WORK TASK: Take the lines below from the one with "这款full force板鞋" through the one with "ホーム フォトギャラリー 新築・リフォーム" and retype them exactly. Include nothing else, and no pictures.

DATA FOR ANALYSIS:
──────────
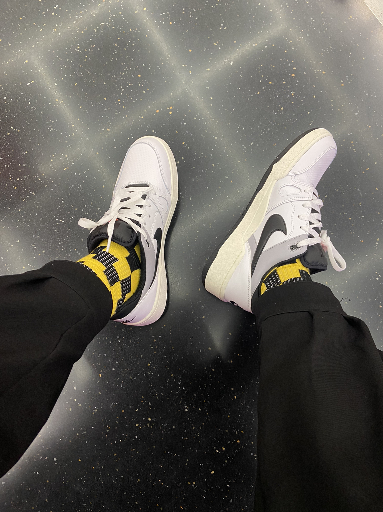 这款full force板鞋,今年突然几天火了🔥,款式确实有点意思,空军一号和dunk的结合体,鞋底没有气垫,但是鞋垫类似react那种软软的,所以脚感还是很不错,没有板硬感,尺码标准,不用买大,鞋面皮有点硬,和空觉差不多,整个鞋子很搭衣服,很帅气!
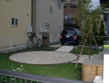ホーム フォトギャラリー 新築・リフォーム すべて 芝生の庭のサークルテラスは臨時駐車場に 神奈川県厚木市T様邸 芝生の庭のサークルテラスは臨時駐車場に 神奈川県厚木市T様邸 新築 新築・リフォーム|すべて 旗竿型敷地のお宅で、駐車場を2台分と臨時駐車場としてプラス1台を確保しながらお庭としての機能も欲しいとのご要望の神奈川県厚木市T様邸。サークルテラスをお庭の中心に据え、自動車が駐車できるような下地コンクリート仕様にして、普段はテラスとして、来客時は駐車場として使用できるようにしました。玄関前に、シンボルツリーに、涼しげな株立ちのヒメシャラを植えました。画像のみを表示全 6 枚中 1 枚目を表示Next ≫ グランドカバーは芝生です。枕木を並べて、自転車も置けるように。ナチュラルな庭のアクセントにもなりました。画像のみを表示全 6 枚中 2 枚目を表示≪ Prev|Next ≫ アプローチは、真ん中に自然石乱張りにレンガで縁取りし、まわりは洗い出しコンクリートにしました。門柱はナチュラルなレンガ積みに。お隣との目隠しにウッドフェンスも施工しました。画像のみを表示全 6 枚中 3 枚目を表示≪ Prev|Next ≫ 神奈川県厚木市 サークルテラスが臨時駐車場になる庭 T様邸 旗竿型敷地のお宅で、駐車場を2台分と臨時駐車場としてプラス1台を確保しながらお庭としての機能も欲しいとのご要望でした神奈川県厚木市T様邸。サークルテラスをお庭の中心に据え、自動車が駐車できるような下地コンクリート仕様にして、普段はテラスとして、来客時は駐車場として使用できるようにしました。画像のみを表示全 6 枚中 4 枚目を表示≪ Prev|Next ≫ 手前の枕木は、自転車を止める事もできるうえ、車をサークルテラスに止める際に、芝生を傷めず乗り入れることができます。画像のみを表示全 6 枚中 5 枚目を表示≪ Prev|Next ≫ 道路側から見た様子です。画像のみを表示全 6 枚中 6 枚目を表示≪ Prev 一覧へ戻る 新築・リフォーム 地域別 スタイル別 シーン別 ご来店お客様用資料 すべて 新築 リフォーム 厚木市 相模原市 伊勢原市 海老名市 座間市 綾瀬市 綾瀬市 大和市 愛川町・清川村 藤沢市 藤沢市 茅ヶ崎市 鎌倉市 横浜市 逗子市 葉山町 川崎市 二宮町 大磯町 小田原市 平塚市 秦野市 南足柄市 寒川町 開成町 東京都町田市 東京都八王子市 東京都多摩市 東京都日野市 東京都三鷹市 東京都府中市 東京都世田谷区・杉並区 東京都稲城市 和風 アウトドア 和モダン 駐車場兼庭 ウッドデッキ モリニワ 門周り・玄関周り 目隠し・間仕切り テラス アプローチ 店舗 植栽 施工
──────────
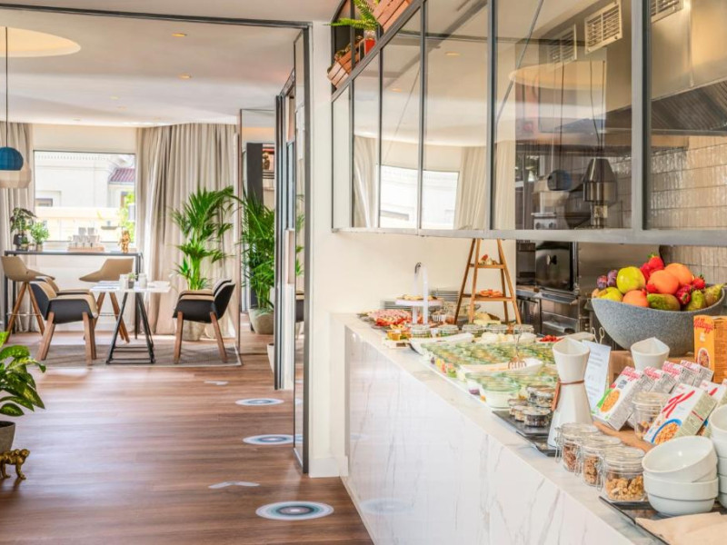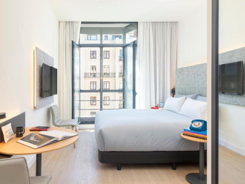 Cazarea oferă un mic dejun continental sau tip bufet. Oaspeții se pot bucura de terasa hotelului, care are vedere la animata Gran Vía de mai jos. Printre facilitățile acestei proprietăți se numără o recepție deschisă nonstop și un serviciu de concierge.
──────────
RESULT:
 这款full force板鞋,今年突然几天火了🔥,款式确实有点意思,空军一号和dunk的结合体,鞋底没有气垫,但是鞋垫类似react那种软软的,所以脚感还是很不错,没有板硬感,尺码标准,不用买大,鞋面皮有点硬,和空觉差不多,整个鞋子很搭衣服,很帅气!
ホーム フォトギャラリー 新築・リフォーム すべて 芝生の庭のサークルテラスは臨時駐車場に 神奈川県厚木市T様邸 芝生の庭のサークルテラスは臨時駐車場に 神奈川県厚木市T様邸 新築 新築・リフォーム|すべて 旗竿型敷地のお宅で、駐車場を2台分と臨時駐車場としてプラス1台を確保しながらお庭としての機能も欲しいとのご要望の神奈川県厚木市T様邸。サークルテラスをお庭の中心に据え、自動車が駐車できるような下地コンクリート仕様にして、普段はテラスとして、来客時は駐車場として使用できるようにしました。玄関前に、シンボルツリーに、涼しげな株立ちのヒメシャラを植えました。画像のみを表示全 6 枚中 1 枚目を表示Next ≫ グランドカバーは芝生です。枕木を並べて、自転車も置けるように。ナチュラルな庭のアクセントにもなりました。画像のみを表示全 6 枚中 2 枚目を表示≪ Prev|Next ≫ アプローチは、真ん中に自然石乱張りにレンガで縁取りし、まわりは洗い出しコンクリートにしました。門柱はナチュラルなレンガ積みに。お隣との目隠しにウッドフェンスも施工しました。画像のみを表示全 6 枚中 3 枚目を表示≪ Prev|Next ≫ 神奈川県厚木市 サークルテラスが臨時駐車場になる庭 T様邸 旗竿型敷地のお宅で、駐車場を2台分と臨時駐車場としてプラス1台を確保しながらお庭としての機能も欲しいとのご要望でした神奈川県厚木市T様邸。サークルテラスをお庭の中心に据え、自動車が駐車できるような下地コンクリート仕様にして、普段はテラスとして、来客時は駐車場として使用できるようにしました。画像のみを表示全 6 枚中 4 枚目を表示≪ Prev|Next ≫ 手前の枕木は、自転車を止める事もできるうえ、車をサークルテラスに止める際に、芝生を傷めず乗り入れることができます。画像のみを表示全 6 枚中 5 枚目を表示≪ Prev|Next ≫ 道路側から見た様子です。画像のみを表示全 6 枚中 6 枚目を表示≪ Prev 一覧へ戻る 新築・リフォーム 地域別 スタイル別 シーン別 ご来店お客様用資料 すべて 新築 リフォーム 厚木市 相模原市 伊勢原市 海老名市 座間市 綾瀬市 綾瀬市 大和市 愛川町・清川村 藤沢市 藤沢市 茅ヶ崎市 鎌倉市 横浜市 逗子市 葉山町 川崎市 二宮町 大磯町 小田原市 平塚市 秦野市 南足柄市 寒川町 開成町 東京都町田市 東京都八王子市 東京都多摩市 東京都日野市 東京都三鷹市 東京都府中市 東京都世田谷区・杉並区 東京都稲城市 和風 アウトドア 和モダン 駐車場兼庭 ウッドデッキ モリニワ 門周り・玄関周り 目隠し・間仕切り テラス アプローチ 店舗 植栽 施工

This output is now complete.